Около палатки каблучки потоптались — так читался след — и резко свернули вправо к реке.
Галкин встал на четвереньки и прилип взглядом к земле. Пополз.
След привел к берегу.
— Ага! — поднялся Семен. — Вот оно!
Там, где река делала излучину, на широком галечном пляже показалась невысокая каменная тура. Раньше ее здесь не было, и след сразу же потерялся среди сухой гальки.
Мы брели вслед за Галкиным. Не смотрели друг на друга и ругались. Все, Казанкину — гибель.
— Где это видано? — всхохатывает Иван. — Научную ценность воровать, лишить такого факта? Как не по-джентльменски!

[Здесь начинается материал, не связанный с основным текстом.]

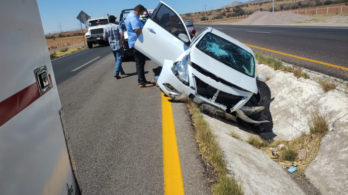 Chihuahua, Chih.- Durante la tarde de hoy se registró un considerable accidente vehicular en la carretera de Chihuahua a Cuauhtémoc donde el conductor de un Nissan, Versa perdió el control de la unidad.Los hechos se registraron cuando el tripulante de un auto tipo sedan de color blanco terminó por caer en la división de la carretera al parecer por exceso de velocidad, dejando tras su paso lesiones de consideración.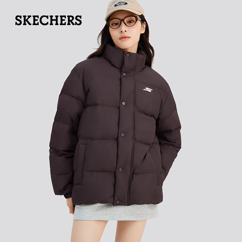 斯凯奇(Skechers)羽绒服短款冬季立领保暖外套百搭休闲男女同款大衣P423U038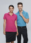 Style:  Fine pique fabric with contrast stretch tapes on shoulders, inner placket and body sides. Self-fabric collar. UPF 30+ UV protection.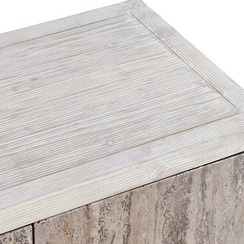 | Materials | Travertine, Reclaimed Pine, Iron |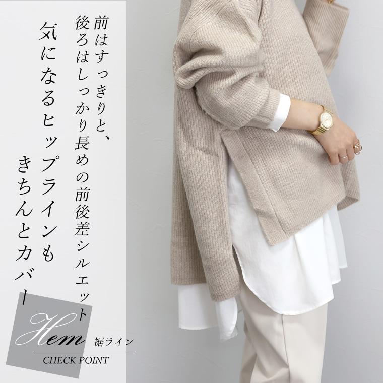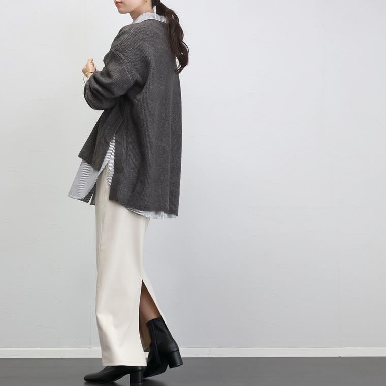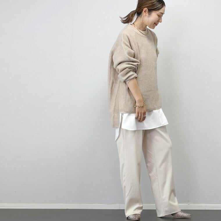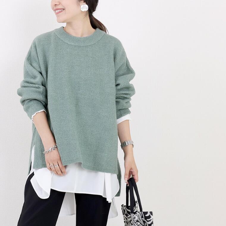 5G片畦サイドスリットニットプルオーバー サイドに旬のスリットを施した、シンプルながらもサマになる一枚。 シャープなスリットがあることでスタイル全体を軽やかに見せて くれ、抜け感漂う着こなしに。また、長め丈のシャツやカットソー をインに合わせたレイヤードもバランスよくお洒落にキマります。 ゆったりとした着心地で、ヒップまでしっかりカバーしてくれる 長めの後ろ丈もポイント。毛足の長い混ざり糸で編み上げ、 単色ながらも奥行きのある表情。高見えが狙え、 大人のニットコーデを格上げしてくれるアイテムです。 合わせるボトムを選ばず、着まわし力も抜群。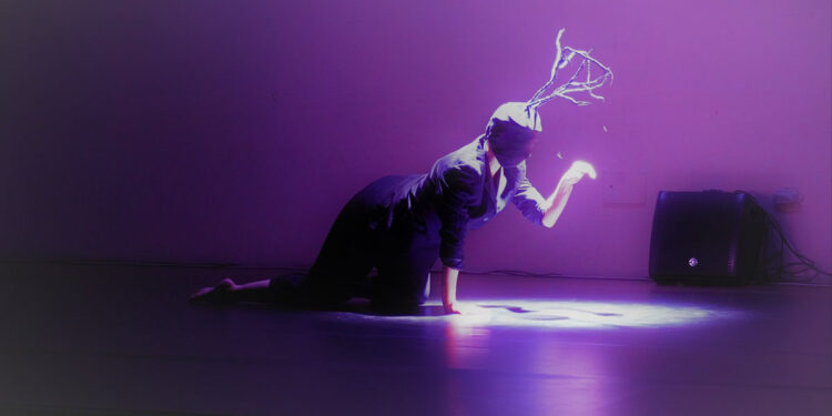Nell’evoluzione drammaturgica, i semi presenti nelle mani della danzatrice sono cresciuti e sono diventati un albero che ricopre il volto dalla protagonista, a simboleggiare la crescita e la continuità della vita.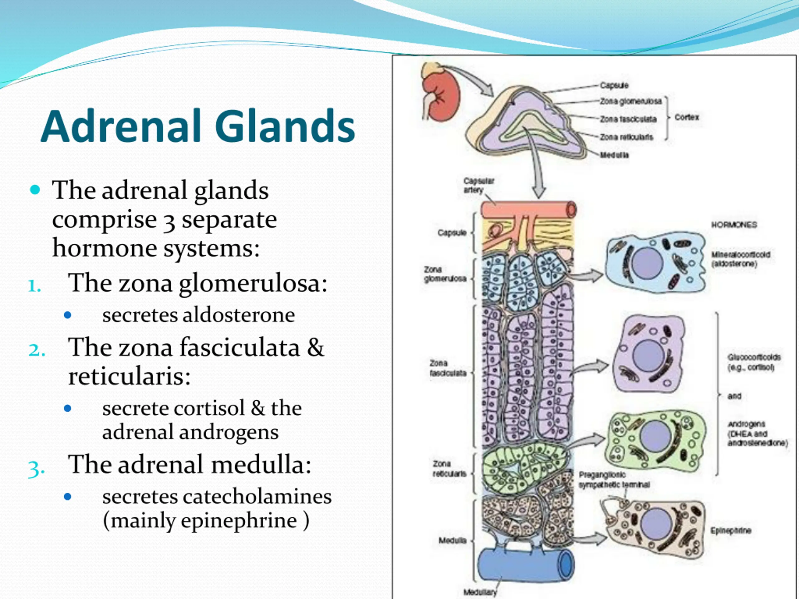 Adrenal Glands The adrenal glands comprise 3 separate hormone systems: 1. The zona glomerulosa: secretes aldosterone 2. The zona fasciculata & reticularis: secrete cortisol & the adrenal androgens 3. The adrenal medulla: secretes catecholamines (mainly epinephrine )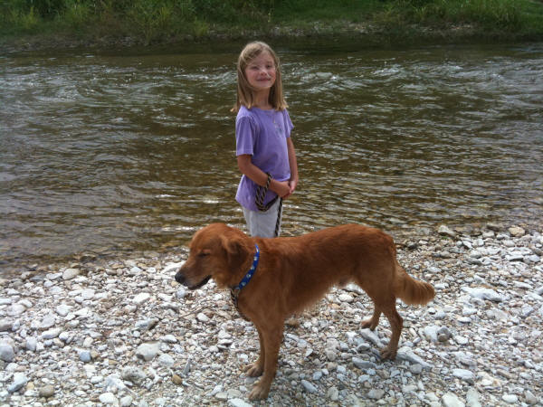 Ruby (formerly Ruffles) is my problem child. She is the typical now 2 year old. When I got the call to foster her, I had only had Ty for about a week. But I thought we were game for the challenge. I picked Ruby up at Tanglewood and she was spirited from the start. Initially she did not want to get in the car and tried to take me for a romp, but we soon mastered that hurdle and we were on our way home. In the coming weeks, I learned about typical young Golden behavior as Ruby preceded to eat her way through my closet – only my favorite shoes or clothes would do - and none of the cheap ones for the princess. She was very discriminating! And if didn’t matter if they were on a shelf or the floor – all were fair game for Ruby. Pillows, fuzzy toys, area rugs all suffered through Ruby’s mouth and teeth. I wasn’t sure I would have a house left standing by the time she was finished. But along with my belongings, Ruby had also stolen my heart. I adopted her in December 2009 and then about a month later, noticed some bleeding. Off to the Vet we went, only to learn that she had a type of cancer that was sexually transmitted and fairly common for street dogs. She went through 6 weeks of chemo treatments and did fine. All of the vet techs loved seeing her – and she loved her weekly visits to her friends too. Since that episode, Ruby has been very healthy. She loves her cats, especially her BFF Stanley, and did really well with our first foster dog, Peachie. And she has never met a kid she would not lick and love to death.

Галкин рванулся к туре. На плоской поверхности мягкого сланца начерчена стрела — северо-запад, триста двадцать градусов. Под камнем мятый лист бумаги. Красным карандашом написано: «Бивень хотят увезти». Почерк незнакомый.
— Так… — задрожал Семен. — Наука напала на производство! Так это понимать или не так?
— Чудовищно! — побледнел Казанкин. — Это провокация! Это инсинуация!
За огромным кедром все увидели бивень, темный, как ствол секвойи.
— Так, — протянул Семен. — Ну что теперь вы скажете?
— Неужто они могли такое сотворить? — шепчет мне Басков. — Зачем, Женя, им бивень понадобился?
И тут Юрка, усмехнувшись, повернулся к Ивану:
— Ты, Ваня, зачем бивень спрятал?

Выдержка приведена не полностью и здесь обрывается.